I’m porting a pyqt5 GUI to pyside6 and I’m running into an issue I don’t understand.

I have two QSpinboxes that control two GUI parameters:
One spinbox controls the weight of a splitter,
the other controls the row height in a QtableView.

This is the code in pyqt5:

spinbox1.valueChanged.connect(my_splitter.setHandleWidth)
spinbox2.valueChanged.connect(my_view.verticalHeader().setDefaultSectionSize)
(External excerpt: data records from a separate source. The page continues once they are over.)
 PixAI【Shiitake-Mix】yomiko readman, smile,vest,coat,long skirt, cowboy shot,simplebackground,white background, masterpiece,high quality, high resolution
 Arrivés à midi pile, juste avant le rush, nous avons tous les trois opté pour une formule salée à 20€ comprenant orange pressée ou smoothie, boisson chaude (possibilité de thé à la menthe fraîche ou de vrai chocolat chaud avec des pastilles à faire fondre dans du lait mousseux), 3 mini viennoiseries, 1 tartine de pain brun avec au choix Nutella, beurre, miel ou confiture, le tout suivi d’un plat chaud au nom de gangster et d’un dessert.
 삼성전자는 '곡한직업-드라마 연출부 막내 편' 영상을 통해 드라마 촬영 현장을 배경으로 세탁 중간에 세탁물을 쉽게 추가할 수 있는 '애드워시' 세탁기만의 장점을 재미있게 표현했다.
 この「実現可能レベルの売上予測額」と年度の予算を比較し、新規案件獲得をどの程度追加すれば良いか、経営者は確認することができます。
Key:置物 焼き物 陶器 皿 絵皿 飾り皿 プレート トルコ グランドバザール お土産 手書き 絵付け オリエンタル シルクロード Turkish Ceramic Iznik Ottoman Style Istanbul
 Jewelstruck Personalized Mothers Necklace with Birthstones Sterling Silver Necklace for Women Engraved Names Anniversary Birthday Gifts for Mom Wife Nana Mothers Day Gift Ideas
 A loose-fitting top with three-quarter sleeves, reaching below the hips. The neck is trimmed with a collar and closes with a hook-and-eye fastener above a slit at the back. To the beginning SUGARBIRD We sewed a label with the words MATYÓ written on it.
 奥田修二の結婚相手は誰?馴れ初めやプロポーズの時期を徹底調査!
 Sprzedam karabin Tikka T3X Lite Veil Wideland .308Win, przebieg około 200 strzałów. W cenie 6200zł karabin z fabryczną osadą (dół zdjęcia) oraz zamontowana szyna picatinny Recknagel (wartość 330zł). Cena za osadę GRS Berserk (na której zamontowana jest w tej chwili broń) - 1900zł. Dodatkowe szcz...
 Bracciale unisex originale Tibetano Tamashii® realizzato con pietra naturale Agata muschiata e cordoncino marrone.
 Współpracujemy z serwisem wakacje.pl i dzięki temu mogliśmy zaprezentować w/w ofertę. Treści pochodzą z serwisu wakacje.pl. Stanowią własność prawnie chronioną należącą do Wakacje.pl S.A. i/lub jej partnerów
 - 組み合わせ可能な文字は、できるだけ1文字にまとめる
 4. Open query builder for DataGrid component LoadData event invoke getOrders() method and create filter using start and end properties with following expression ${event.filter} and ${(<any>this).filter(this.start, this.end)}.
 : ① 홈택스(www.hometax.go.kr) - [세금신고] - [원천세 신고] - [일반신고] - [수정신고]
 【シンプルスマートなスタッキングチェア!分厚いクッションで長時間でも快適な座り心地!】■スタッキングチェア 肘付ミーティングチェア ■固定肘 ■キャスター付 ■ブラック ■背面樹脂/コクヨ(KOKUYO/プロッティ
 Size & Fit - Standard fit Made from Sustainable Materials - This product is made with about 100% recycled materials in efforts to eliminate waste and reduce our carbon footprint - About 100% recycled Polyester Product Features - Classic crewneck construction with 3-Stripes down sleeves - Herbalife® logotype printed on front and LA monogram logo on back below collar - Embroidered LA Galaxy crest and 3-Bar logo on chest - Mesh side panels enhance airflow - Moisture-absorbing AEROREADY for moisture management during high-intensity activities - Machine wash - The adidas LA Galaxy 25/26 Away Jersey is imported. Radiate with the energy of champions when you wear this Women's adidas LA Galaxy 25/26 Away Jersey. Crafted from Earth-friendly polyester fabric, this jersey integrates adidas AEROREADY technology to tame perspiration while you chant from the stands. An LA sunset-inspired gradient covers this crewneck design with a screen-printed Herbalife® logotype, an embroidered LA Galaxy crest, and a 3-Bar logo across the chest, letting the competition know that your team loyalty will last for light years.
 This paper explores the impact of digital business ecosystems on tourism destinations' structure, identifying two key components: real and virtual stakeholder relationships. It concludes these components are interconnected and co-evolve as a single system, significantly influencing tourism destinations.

In Pyside6 spinbox1 works fine, but spinbox2 doesn’t do its job and there is this warning:

You can’t add dynamic slots on an object originated from C++.

The issue can be solved by changing the second line of code to:

spinbox2.valueChanged.connect(lambda x: my_view.verticalHeader().setDefaultSectionSize(x))

It’s nice to have found a solution, but I would also like to understand why the two connections behave differently in PySide6 and why using he lambda solves the issue.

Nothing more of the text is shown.